Verify connectivity from inside the container:
docker exec open-webui curl -s http://172.18.0.1:7860/sdapi/v1/sd-models
docker exec open-webui curl -s http://ollama:11434/api/tags | head -c 100
Image Generation
Default mode
Any prompt classified as image_generation (e.g. "generate an image of a cat in space") uses SDXL Base 1.0. The LLM refines the user's request into an optimized Stable Diffusion prompt with quality boosters, then calls the A1111 API.
Uncensored mode
Prefix any prompt with uncen to bypass all classification, web search, and routing — the pipeline goes straight to image generation using Juggernaut XL v9:
uncen a beautiful sunset over the ocean
uncen portrait of a warrior in golden armor
The uncen prefix is stripped and the prompt is refined by dolphin-mistral:7b (an uncensored LLM that won't refuse any content) instead of gpt-oss. The pipeline switches the SD checkpoint to Juggernaut XL v9 automatically. If dolphin-mistral is unavailable, it falls back to sending the user's text directly with quality tags appended.
How it works
Default mode:
- LLM (gpt-oss) converts the user request into an optimized SD prompt
- Ollama models are unloaded from VRAM
- SD checkpoint is loaded (SDXL Base)
- Image is generated, compressed PNG→JPEG, and streamed in 4KB chunks
- SD checkpoint is unloaded from VRAM and page cache is dropped
Uncensored mode:
uncenprefix is stripped- dolphin-mistral:7b refines the prompt into optimized SD tags (no refusal)

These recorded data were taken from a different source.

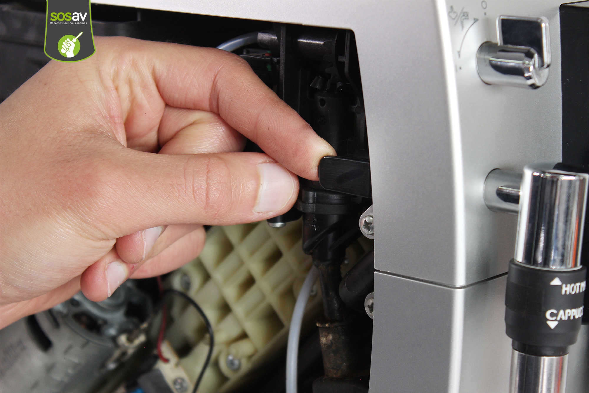 Votre machine à café Delonghi ECAM 23.420.SB ne parvient plus à délivrer d'eau chaude ? La buse est encrassée et plus rien ne sort ? La buse est cassée et vous ne pouvez plus l'utiliser ? Pas de panique car SOSav est là pour vous aider ! Nos techniciens vous dévoilent toutes les manipulations à réaliser pour changer la buse d'eau chaude de votre machine à café Delonghi à travers ce guide de réparation. Toutes les étapes sont illustrées et commentées afin de vous accompagner tout au long de votre réparation machine à café. Vous verrez ainsi que c'est possible sans connaissance technique particulière et que vous ferez une importante économie par rapport au rachat d'une nouvelle cafetière.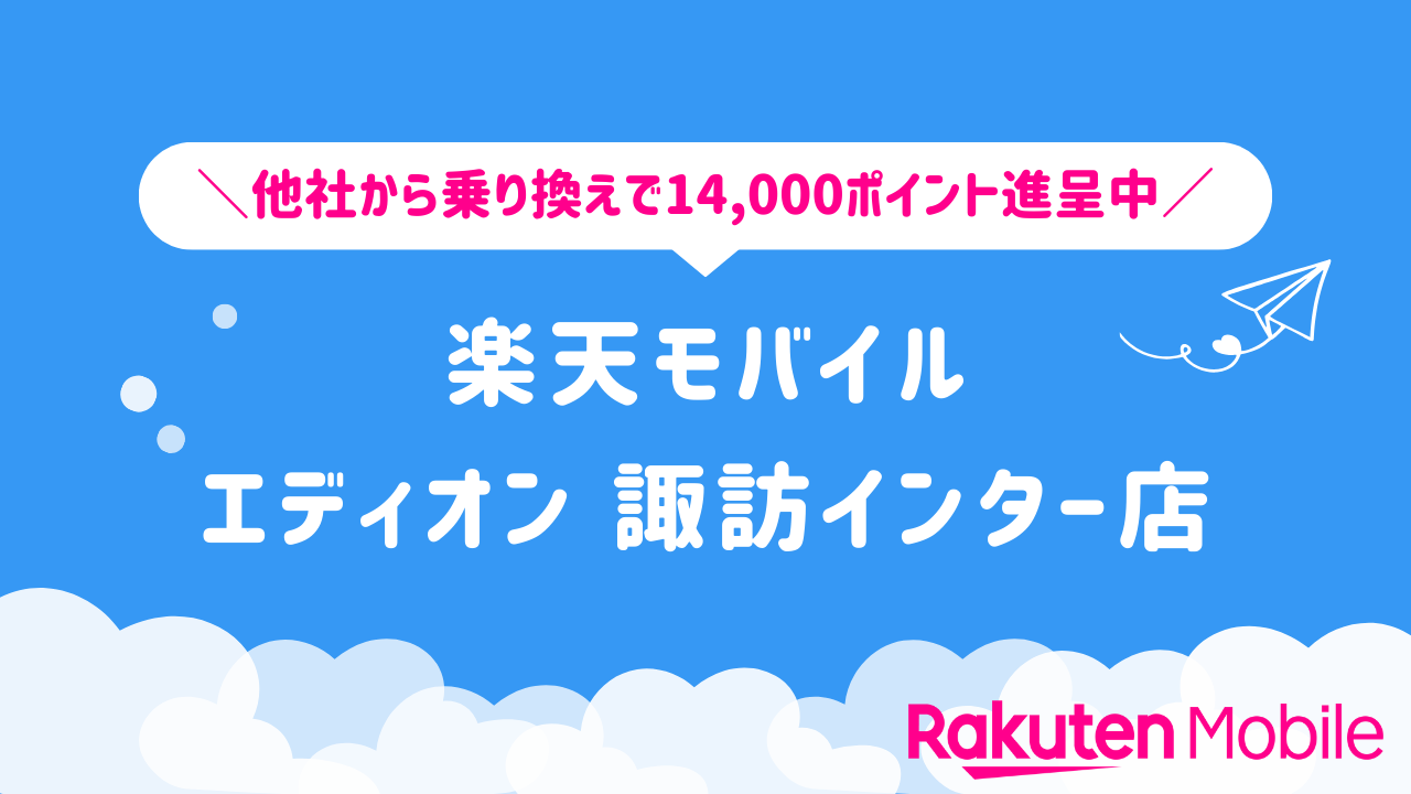 楽天モバイル エディオン 諏訪インター店の店舗情報をわかりやすく整理しています。他社から乗り換えで14,000ポイントをゲットできるキャンペーンや、店舗限定で利用できる特典などの情報も合わせてご紹介いたします。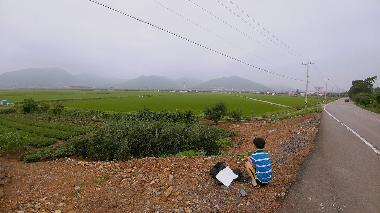 [여수공항]으로 향하는 둘째 날 아침의 시작은 친정이었다. 광주공항 주변 들판에서 많은 시간을 보낸 아들과 다음 일정을 위한 중간 장소로 친정을 소환하기에 이르렀다. 여수에서는 몇 시간에 한 대씩 오는 비행기를 레이더와 비교하며 여유롭게 보고 싶다 했다. 공항 주변에 위치한 ‘율촌면’의 농로는 비행기 소리와 함께 여름날 작물의 성장 소리도 듣게 해주었다. 여름 철새 백로도 논이랑에 발을 담그고 벼이삭이 패기까지의 그날을 보호해주고 있는 듯했다.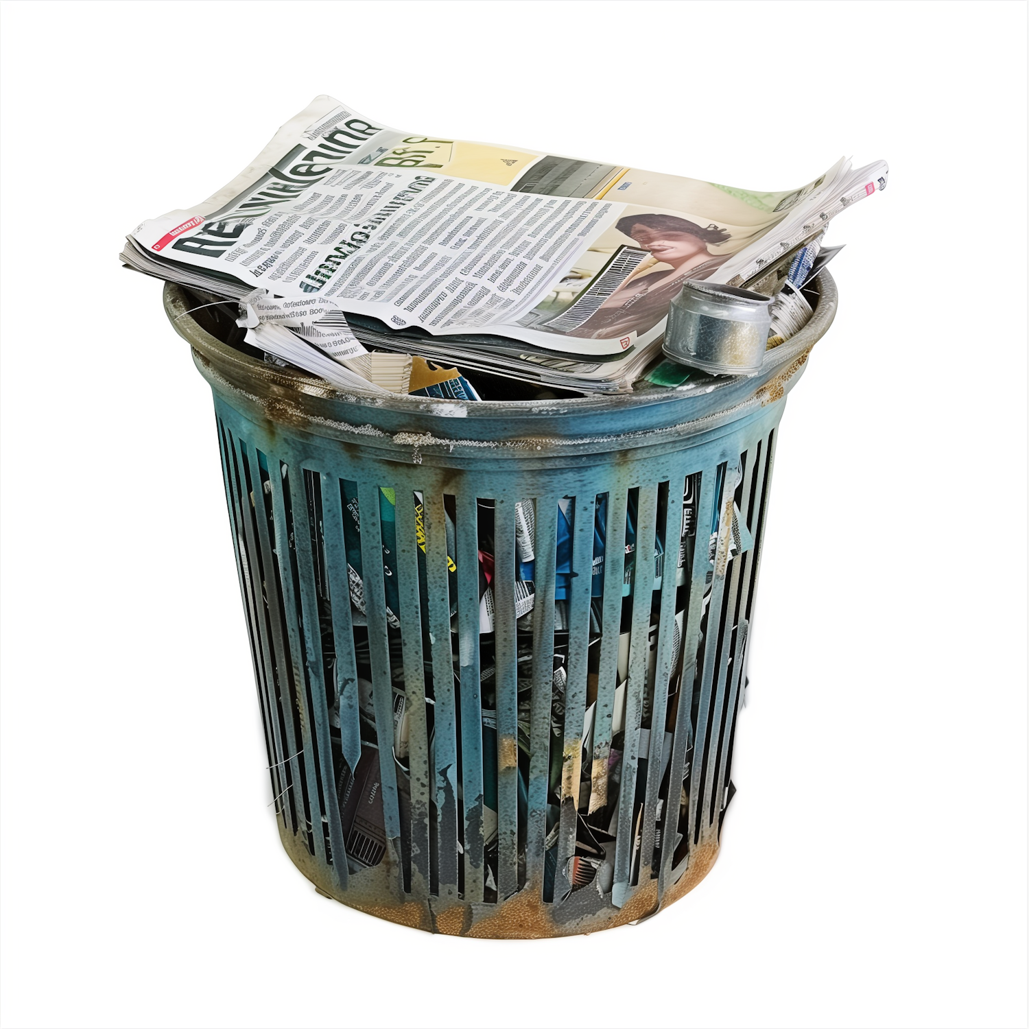 A rusty metal trash can overflowing with newspapers, cans, and paper waste against a plain white background.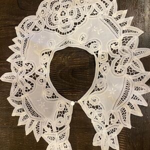 This item is a vintage Battenberg lace collar, often styled with Victorian or Edwardian influences and featuring a white floral design. Excellent condition!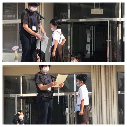 また、5月に行われた空手の大阪府の大会で、学年の部一位と三位に入賞した二人に表彰状を渡しました。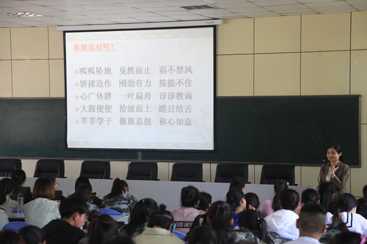 培训会上,两名老师对普通话测试过程中会出现的难点、注意事项,以及普通话水平测试中读单音节、多音节的技巧等,对考生进行了讲解和示范,并和同学们进行互动练习,同学们都表现出了极高的学习激情,积极与老师互动、认真做好笔记。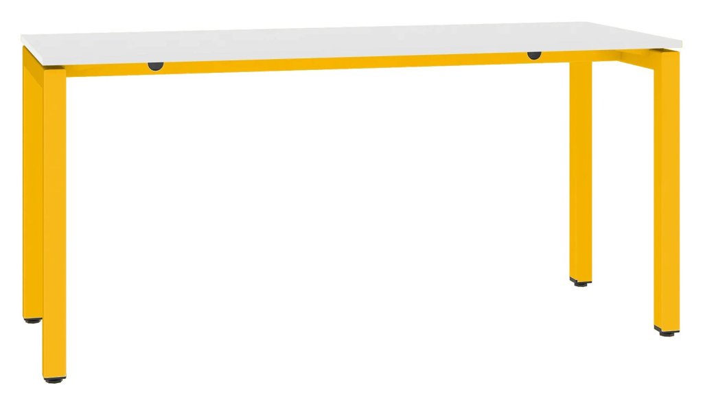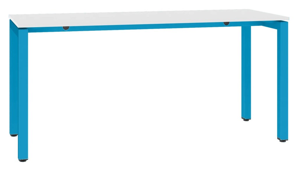 Dizajnový stôl vhodný do kancelárií, rokovacích miestností a open-space. Konštrukcia štvorcové profily 50 x 50 mm, farba na výber z odtieňov RAL. Lamino dosky o sile 18 mm s hranou, farba dosky na výber. Nohy majú rektifikačné pätky umožňujúce výškové vyrovnanie. Výška 745 - 770 mm, šírka 1600  mm, hĺbka 600 mm. Demontovaný výrobok.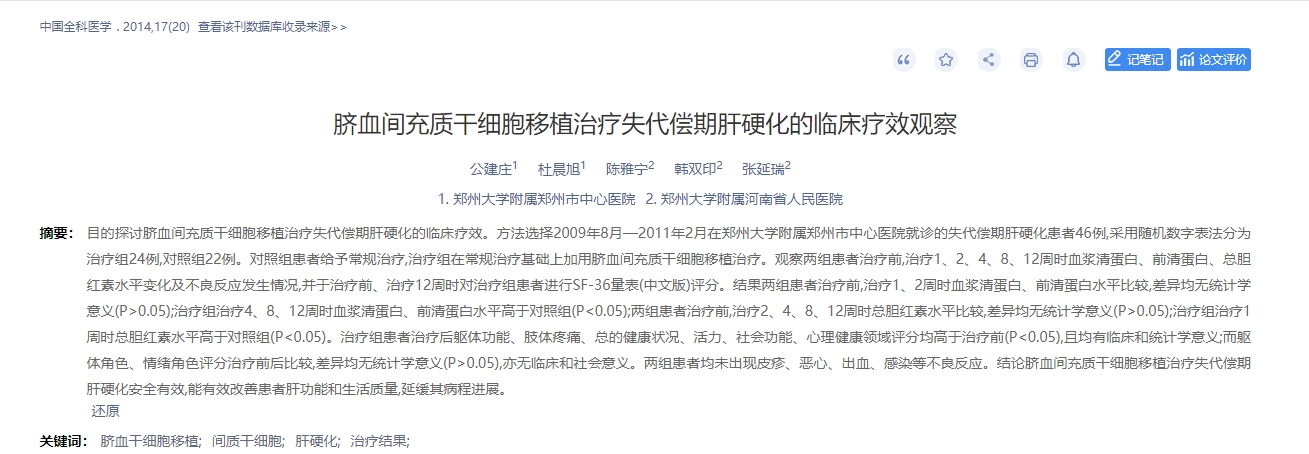 2014年,中國全科醫學(xué)在中國知網(wǎng)發(fā)表了一篇臍血間充質(zhì)干細胞移植治療失代償期肝硬化的臨床療效觀(guān)察的論文[2]。

- Ollama models are unloaded from VRAM
- SD checkpoint is switched to Juggernaut XL v9
- Image is generated, compressed PNG→JPEG, and streamed in 4KB chunks
- SD checkpoint is unloaded from VRAM and page cache is dropped
VRAM Management
On a single 16GB GPU, large Ollama models and SDXL cannot be loaded simultaneously. The pipeline handles this automatically:
- Before image generation: unloads all Ollama models from VRAM via
keep_alive: 0 - After image generation: unloads SD checkpoint via
/sdapi/v1/unload-checkpointand drops Linux page cache - Ollama reloads the model on the next chat request (~10-15s warm-up)
If Ollama fails to load after image generation with a memory error, manually clear the page cache:
sudo sh -c 'sync; echo 3 > /proc/sys/vm/drop_caches'
Architecture
User Message
│
├─ "uncen" prefix? ─────────────── → dolphin-mistral:7b (refine) → Juggernaut XL v9
│
├─ Image uploaded? ──────────────── → llama3.2-vision:11b
│
├─ AI Classifier (qwen2.5:7b)
│ │
│ ├─ coding ──────────────── → qwen2.5-coder:14b
│ ├─ diagram ─────────────── → qwen2.5-coder:14b (Mermaid)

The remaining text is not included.